Johnson was part of a busy crew waiting on customers and helping out Diane Dack pack the candy canes and other candies for sale and shipment. Dack has been with the business almost 30 years. She was a waitress at a diner that Pete and Virginia Trudel frequented. They liked her and asked her to come to work for them.

The making of the candy canes is a visual delight for customers who crowd into the kitchen area, standing around the edges to give the workers space. On a counter, there is often a small box of broken candy-cane pieces marked free. As parents watched the process Saturday, their children delighted by the discovery, picked up a few pieces to nibble on.

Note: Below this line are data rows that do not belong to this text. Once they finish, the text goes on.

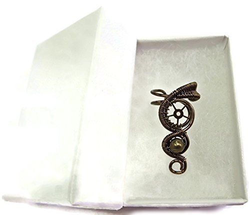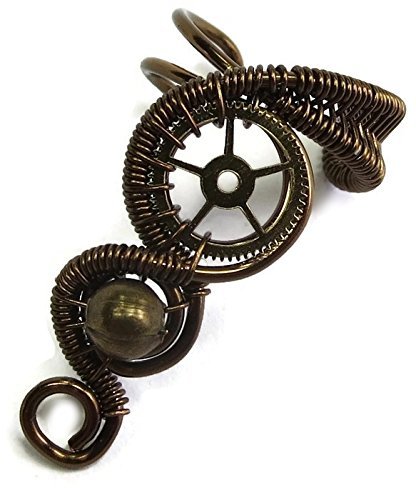 -. Title : Pair of Bronze and Swarovski Crystal Small Woven-Wire Steampunk Ear Cuffs with Chains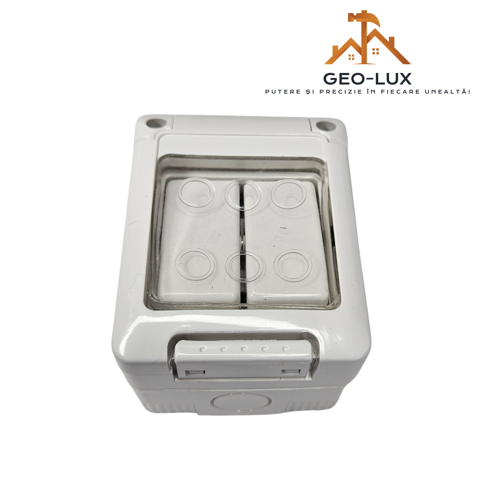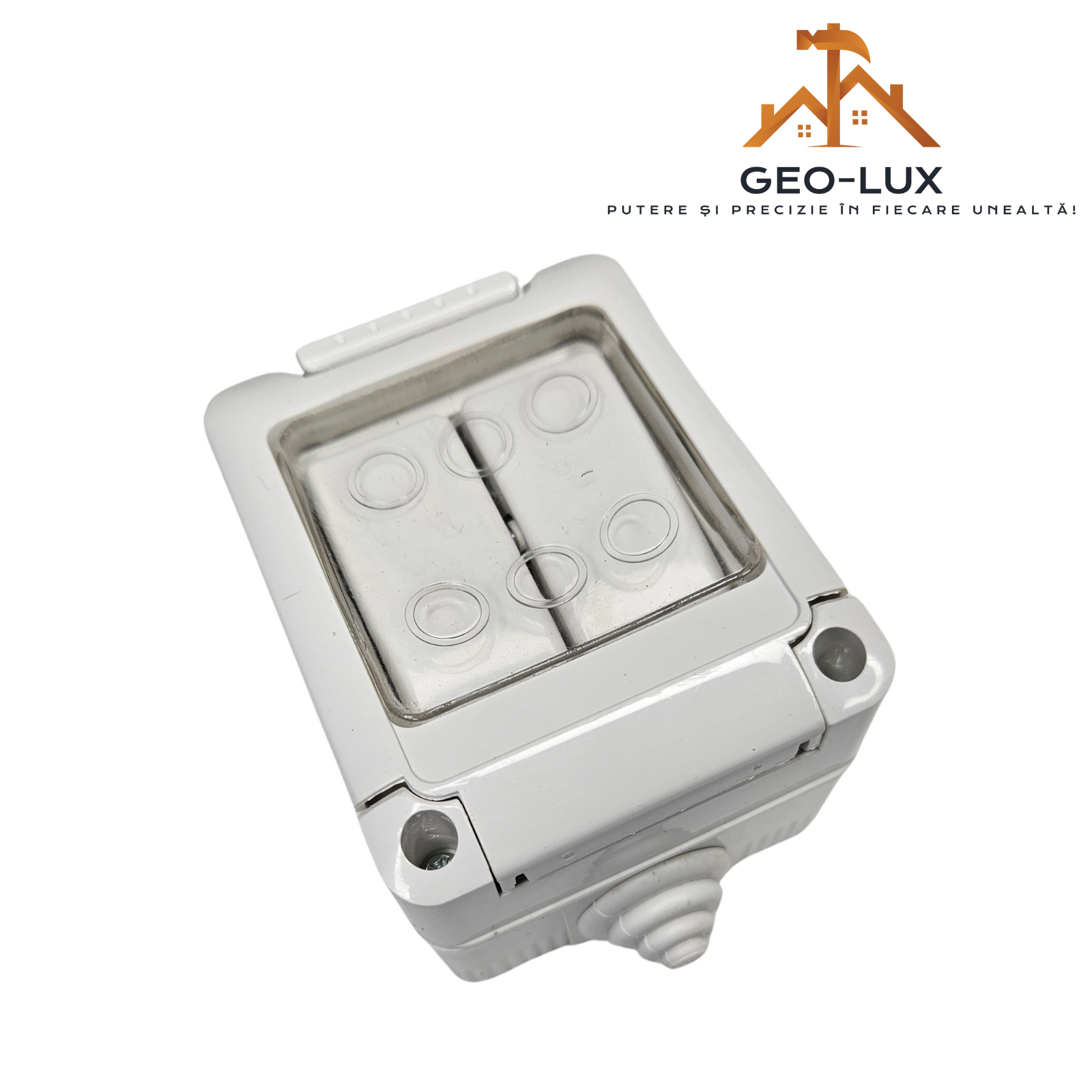 Întrerupător dublu antigron cu protecție, destinat montajului pe tencuială, care asigură control facil și sigur al instalațiilor electrice. Design robust, rezistent la praf și umezeală, ideal pentru utilizare în locuințe sau spații comerciale. Ușor de instalat și durabil în timp.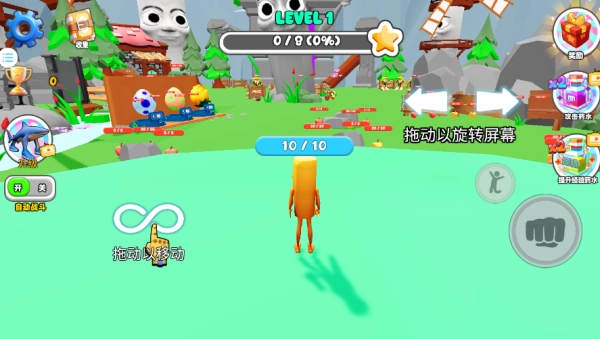 2、拖动虚杆控制角色移动,拖动右侧的箭头可以旋转屏幕。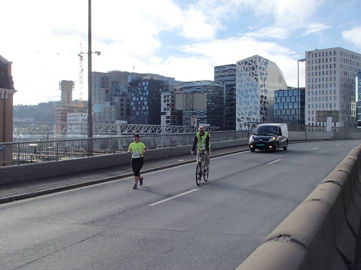 Nylandsveien 10.04 Uhr / Km 4,0 Hinter dem Hauptbahnhof ging es per Brücke über die Schienen. So kommen die ersten Höhenmeter in die Strecke. |
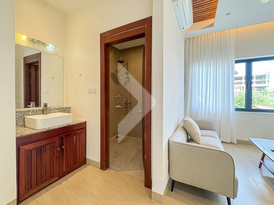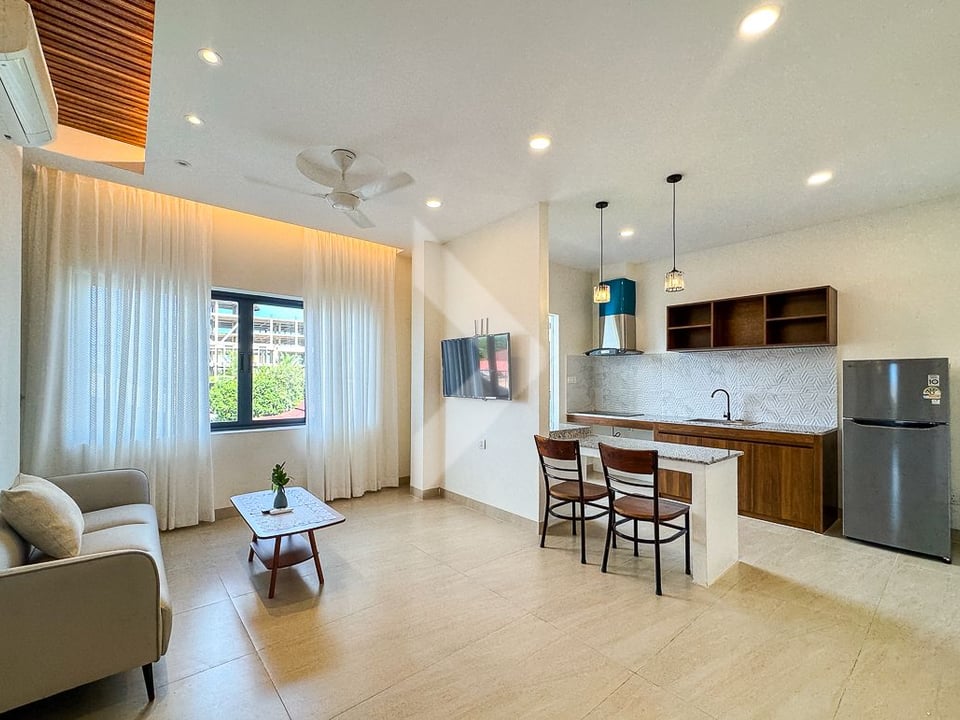 Modern 1-bedroom apartment available for rent in Wat Bo Area, Sala Kamraeuk Commune, Siem Reap City. Just 5 minutes’ walk to the Riverside or the Royal Palace, this apartment offers a highly convenient and central location.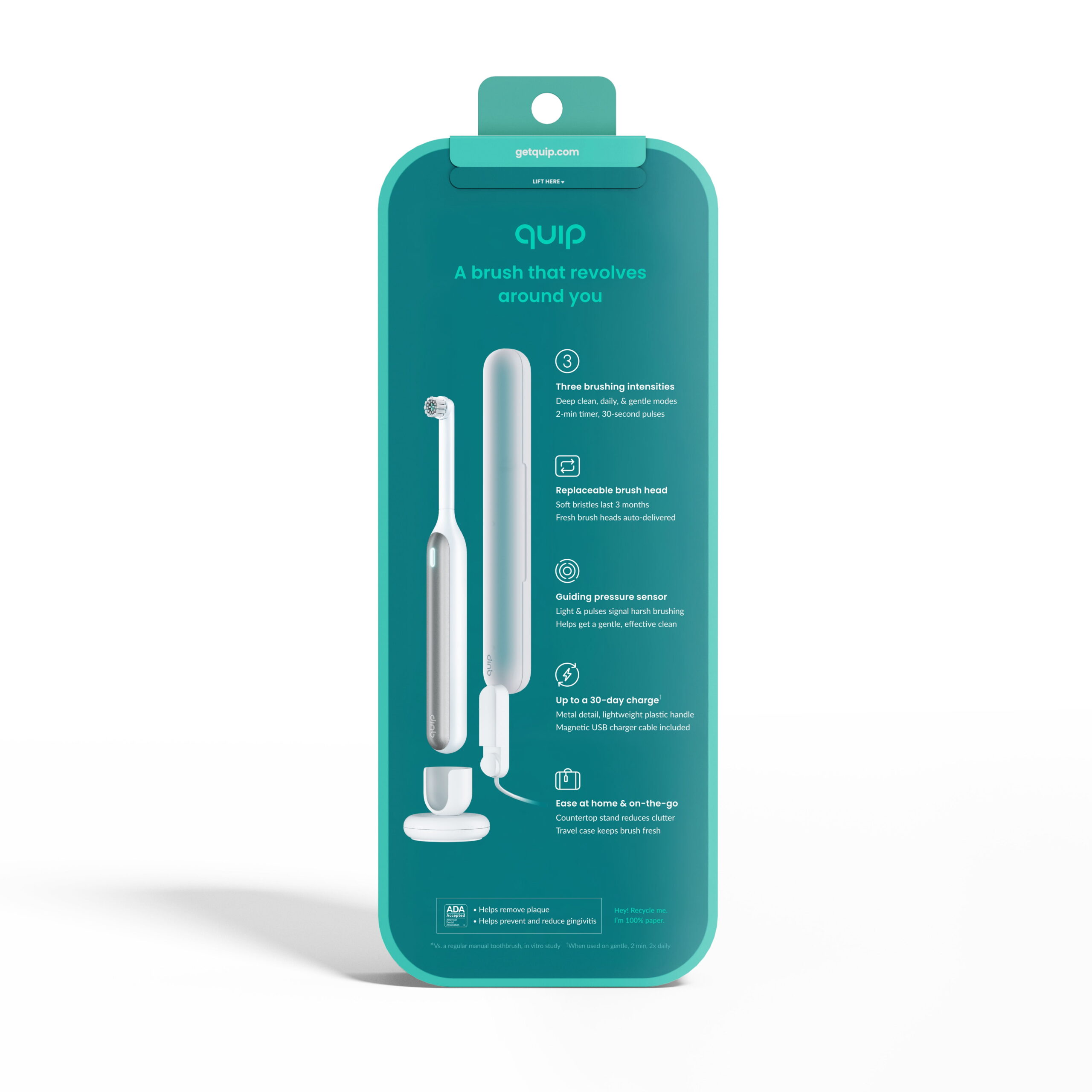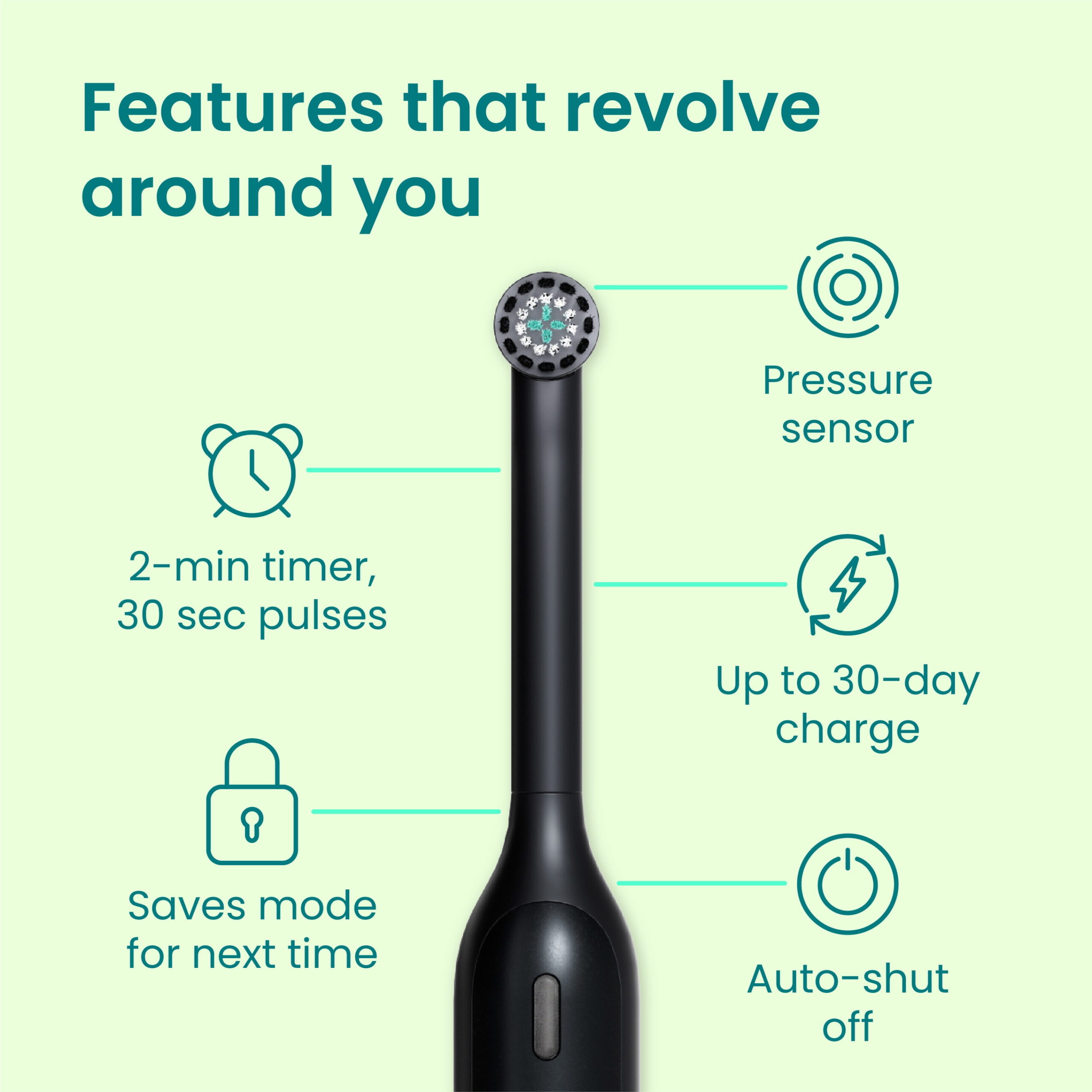 - Guiding Pressure Sensor: LED light, pulses help prevent harsh brushing

The canes are made with 25 pounds of sugar and cream of tartar.

It is first heated and worked into a block, which is then colored, flavored and placed on a hook to be pulled. Pulling the taffy is the big job, and the most popular part of the process for visitors. Gallant has had the honor since 1994, having inherited it from Trudel who inherited it from Stephano. He makes it look easy, but he said it took a long time for him to perfect the art.

Once the taffy is properly twisted and pulled, it is rolled and then a line of candy-cane material is pulled out, cut, packaged in plastic, bent like a shepherd’s crook and boxed or placed on the shelf, where they are quickly scooped up by customers and taken home to place in stockings or hang on Christmas trees.